11 Things You Didn't Know About Ray-Ban
Ever since they first appeared in the 1930s, Ray-Ban has been a true American icon, sitting proudly alongside the likes of Louisville Slugger, Weber Grill, Levi's, and Mustang. Thanks to a who's who of celebrity wearers, Ray-Ban has outlasted fickle fashion trends and competitors — even managing to survive (just barely) the dark days of disco — and now they're sitting on more noses than ever. From its military origins to its guardian angel, we've rustled up 11 things you probably didn't know about one of America's most transparent brands.
1. Like so many style icons, the Ray-Ban Aviator began purely as utilitarian gear.
Since pilots were flying farther, faster, and higher than ever before, these Icaruses would come down with massive headaches from the bright sun. Lieutenant General John MacCready of the U.S. Air Corps called up Bausch & Lomb, who tackled the situation and unwittingly left the greatest mark on the history of eyewear.

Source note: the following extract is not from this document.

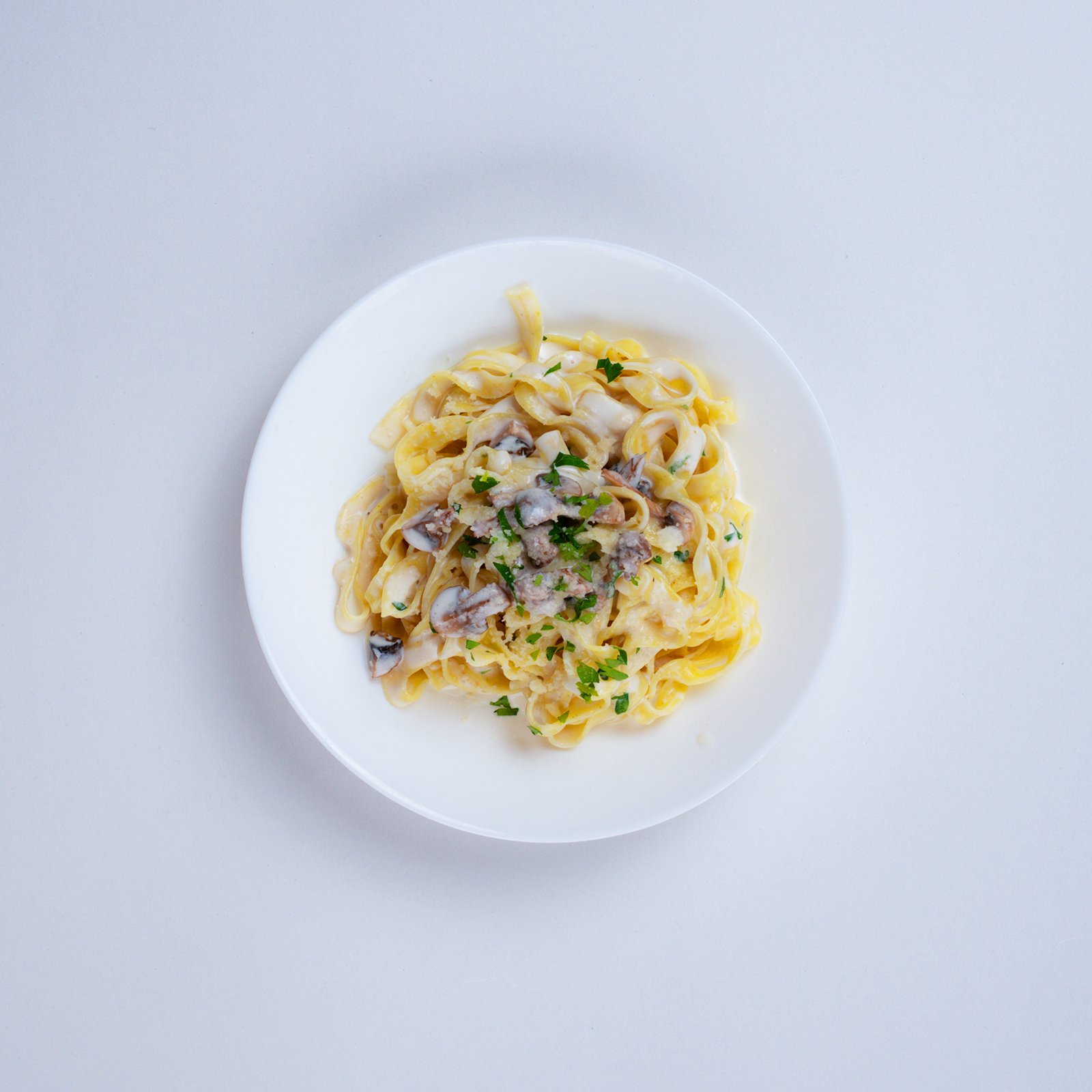 Handmade fettuccine with sautèed fresh mushrooms, fresh cream, fresh-cut parsley and parmesan.
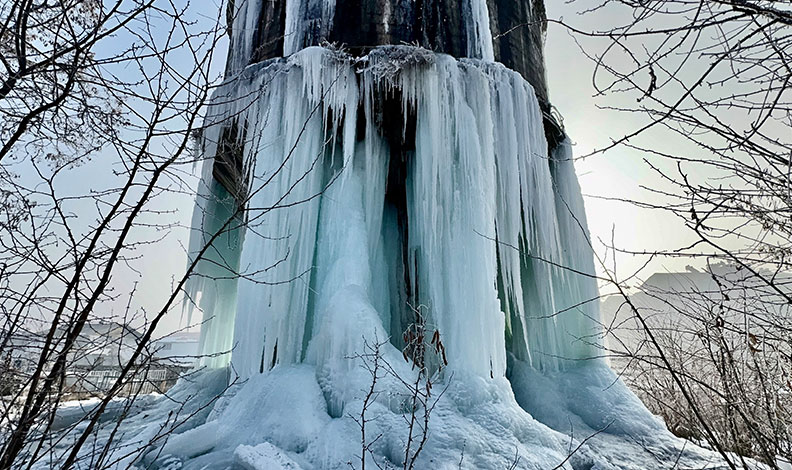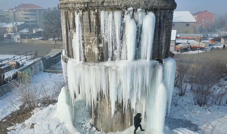 Şehir merkezindeki bir su deposu eksi 20 dereceyi bulan soğuklar nedeniyle tamamen dondu. 15 metre uzunluğunda dev buz sarkıtlarının oluştuğu su deposu görsel şölen sunarken, soğukların ne derece etkili olduğunu gözler önüne serdi.

2. The first guy to popularize the Aviator was not a celebrity, but rather General Douglas MacArthur.
When he landed on a beach in the Philippines during WWII, photojournalists snapped pics that would give the shades their first global exposure. They became popular with the French Army soon after, giving the Arkansas-born commander the fashion validation that he obviously didn't need.
3. The original Ray-Ban prototype had green-tinted lenses and was made of plastic.
To combat the intense blues and whites of the sky and sun, the green lenses tinted things just right. As for the prototype's plastic frames, Ray-Ban quickly ditched them for thin metal.
4. Humphrey Bogart gave the young Ray-Ban some solid celeb publicity way before James Dean or Brando.
Bogey's very period-specific choice didn't pick up quite like the Wayfarer did on Dean's nose, but it was the beginning of a beautiful friendship between Ray-Ban and celebrities.
5. Ray-Ban did Transitions lenses way before Transitions.
Back in 1974, the Ray-Ban Ambermatic was introduced, which changed its tint based on lighting conditions. Hunter S. Thompson was a big fan.
6. In Fear and Loathing in Las Vegas, that weird thing on Raoul Duke's Aviators was a cigarette holder.
One of the more bizarre Ray-Ban designs, the Kalichrome Shooter Aviator's cigarette hole supposedly allowed the wearer to free up both hands for shooting. However, Hunter S. Thompson (a.k.a. Raoul Duke) still preferred a classic cigarette holder. Because those actually work.
7. Ray-Ban has an app that will filter your photos through their trademark Ambermatic lens.
Like actually. There is a setup in London where a camera takes a picture of your picture through a pair of Ambermatic Aviators and sends it back to you. Your move, Instagram.
8. Disco almost killed the Ray-Ban.
During the late seventies and eighties, garish disco-styled eyewear surpassed the Ray-Ban enthusiasm that Bob Dylan, Andy Warhol, and all the others had created. Designer eyewear and chaos took over. Fortunately, they had a guardian angel...
9. Tom Cruise's movies have singlehandedly raised Ray-Ban sales over 40 percent. Twice.
In 1983, Tom Cruise traded pants for Wayfarers in Risky Business and re-boosted Ray-Ban sales around 50 percent. Three years later, he swapped the Wayfarers for Aviators, played some sweaty volleyball, rode his motorcycle, took a shower at a girl's house, and casually gave Ray-Ban a 40 percent sales increase by taking it back to its fighter plane roots. Oh, and he boosted sales another 15 percent with Rain Man. He may be crazy, but respect.
10. Getting caught selling counterfeit Ray-Bans is a Class B felony.
Just a friendly FYI. And homages don't count — the dude on the beach huckin' "the real deal" is only risking it all if it says "Ray-Ban" on it.
11. But that doesn't exactly scare anyone off. The UAE authorities recently busted a Chinese optics company with around 143,700 fake pairs of shades.
Ray-Ban welcomed the final order to destroy them "with great satisfaction." Talk about keeping it real.